• [Record set]
-------
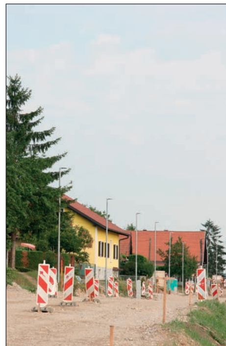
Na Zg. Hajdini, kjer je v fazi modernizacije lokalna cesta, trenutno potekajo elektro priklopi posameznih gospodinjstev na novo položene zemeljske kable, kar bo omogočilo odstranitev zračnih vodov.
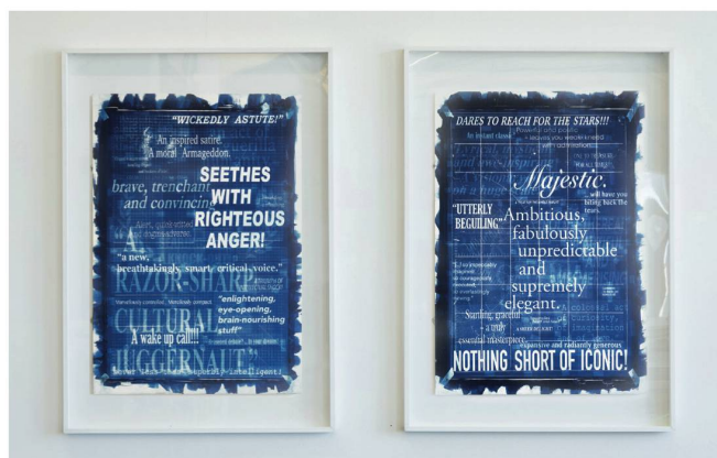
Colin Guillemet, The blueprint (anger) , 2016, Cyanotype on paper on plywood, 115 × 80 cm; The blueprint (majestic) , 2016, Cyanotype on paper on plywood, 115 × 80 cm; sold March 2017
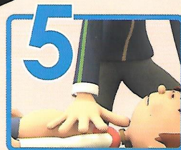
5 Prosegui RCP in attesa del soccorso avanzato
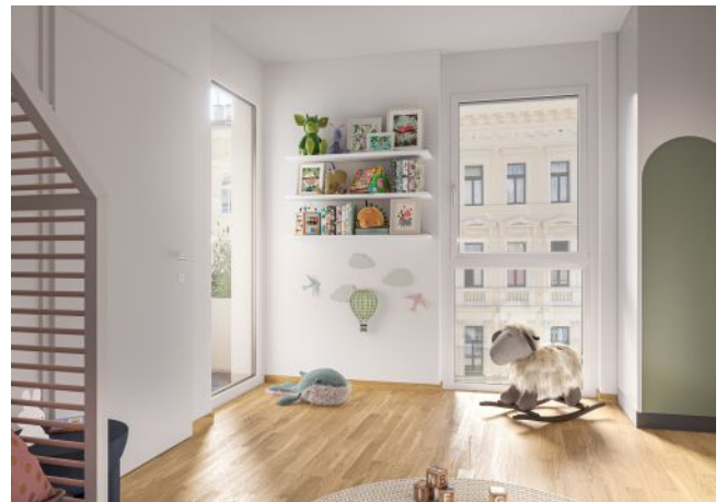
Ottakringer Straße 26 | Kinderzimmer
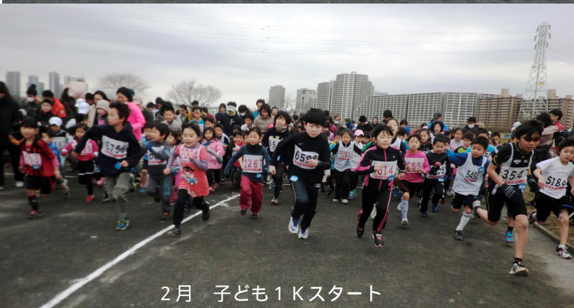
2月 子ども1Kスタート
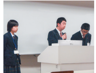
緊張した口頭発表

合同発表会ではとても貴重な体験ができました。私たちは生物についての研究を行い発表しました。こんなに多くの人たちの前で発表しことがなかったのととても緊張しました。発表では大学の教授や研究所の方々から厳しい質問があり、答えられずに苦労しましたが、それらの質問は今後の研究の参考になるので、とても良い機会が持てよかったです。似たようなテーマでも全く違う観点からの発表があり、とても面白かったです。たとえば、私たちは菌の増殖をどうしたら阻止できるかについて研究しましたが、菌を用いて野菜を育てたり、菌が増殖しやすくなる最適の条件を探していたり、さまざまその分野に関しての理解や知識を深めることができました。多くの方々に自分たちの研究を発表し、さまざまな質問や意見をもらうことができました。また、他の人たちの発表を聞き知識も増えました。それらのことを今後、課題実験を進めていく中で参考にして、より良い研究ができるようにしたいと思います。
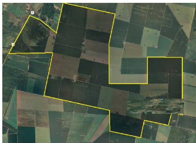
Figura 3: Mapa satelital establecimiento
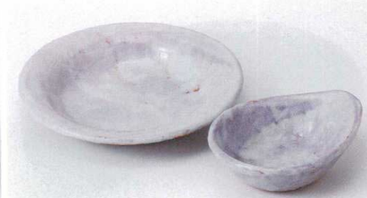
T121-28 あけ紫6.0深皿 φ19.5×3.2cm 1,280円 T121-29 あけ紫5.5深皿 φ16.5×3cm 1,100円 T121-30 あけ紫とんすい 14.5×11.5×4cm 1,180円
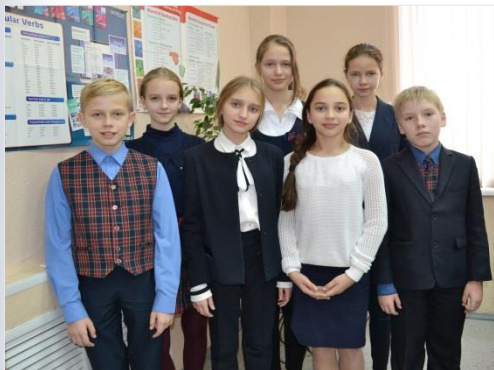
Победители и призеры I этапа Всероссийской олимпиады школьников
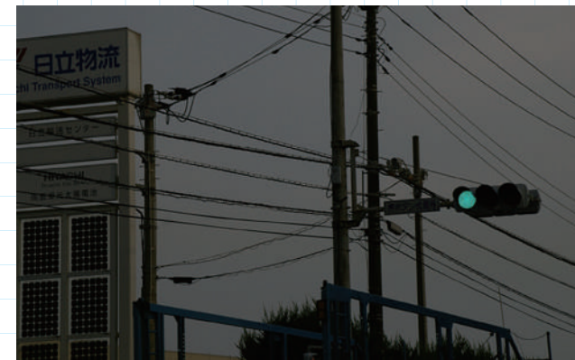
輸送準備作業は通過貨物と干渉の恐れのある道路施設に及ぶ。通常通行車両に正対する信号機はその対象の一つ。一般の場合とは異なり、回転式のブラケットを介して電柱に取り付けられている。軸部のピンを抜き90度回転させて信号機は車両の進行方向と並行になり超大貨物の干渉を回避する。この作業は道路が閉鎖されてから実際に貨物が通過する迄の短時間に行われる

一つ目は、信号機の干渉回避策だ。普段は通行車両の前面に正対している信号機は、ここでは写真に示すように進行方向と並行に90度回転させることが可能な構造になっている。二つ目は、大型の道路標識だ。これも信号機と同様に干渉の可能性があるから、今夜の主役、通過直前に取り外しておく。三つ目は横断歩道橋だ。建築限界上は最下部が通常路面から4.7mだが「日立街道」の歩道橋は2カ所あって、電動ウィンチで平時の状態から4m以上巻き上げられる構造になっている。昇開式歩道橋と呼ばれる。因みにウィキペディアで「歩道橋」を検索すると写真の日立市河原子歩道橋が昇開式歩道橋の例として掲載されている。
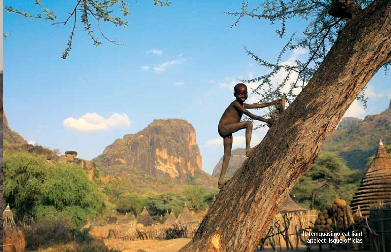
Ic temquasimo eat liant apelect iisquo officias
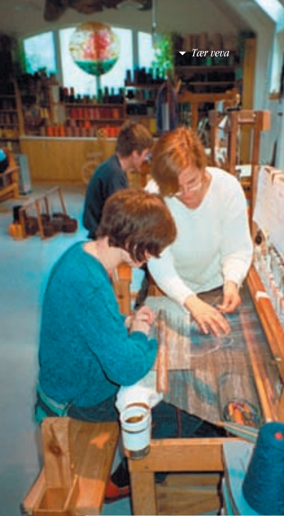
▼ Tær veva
-------
• [Assignment] Copy nothing outside the span: please output the lines from the one with "Figura 3: Mapa satelital establecimiento" through the end of the entries above, and skip the pictures.

• [Reply]
Figura 3: Mapa satelital establecimiento
T121-28 あけ紫6.0深皿 φ19.5×3.2cm 1,280円 T121-29 あけ紫5.5深皿 φ16.5×3cm 1,100円 T121-30 あけ紫とんすい 14.5×11.5×4cm 1,180円
Победители и призеры I этапа Всероссийской олимпиады школьников
輸送準備作業は通過貨物と干渉の恐れのある道路施設に及ぶ。通常通行車両に正対する信号機はその対象の一つ。一般の場合とは異なり、回転式のブラケットを介して電柱に取り付けられている。軸部のピンを抜き90度回転させて信号機は車両の進行方向と並行になり超大貨物の干渉を回避する。この作業は道路が閉鎖されてから実際に貨物が通過する迄の短時間に行われる

一つ目は、信号機の干渉回避策だ。普段は通行車両の前面に正対している信号機は、ここでは写真に示すように進行方向と並行に90度回転させることが可能な構造になっている。二つ目は、大型の道路標識だ。これも信号機と同様に干渉の可能性があるから、今夜の主役、通過直前に取り外しておく。三つ目は横断歩道橋だ。建築限界上は最下部が通常路面から4.7mだが「日立街道」の歩道橋は2カ所あって、電動ウィンチで平時の状態から4m以上巻き上げられる構造になっている。昇開式歩道橋と呼ばれる。因みにウィキペディアで「歩道橋」を検索すると写真の日立市河原子歩道橋が昇開式歩道橋の例として掲載されている。
Ic temquasimo eat liant apelect iisquo officias
▼ Tær veva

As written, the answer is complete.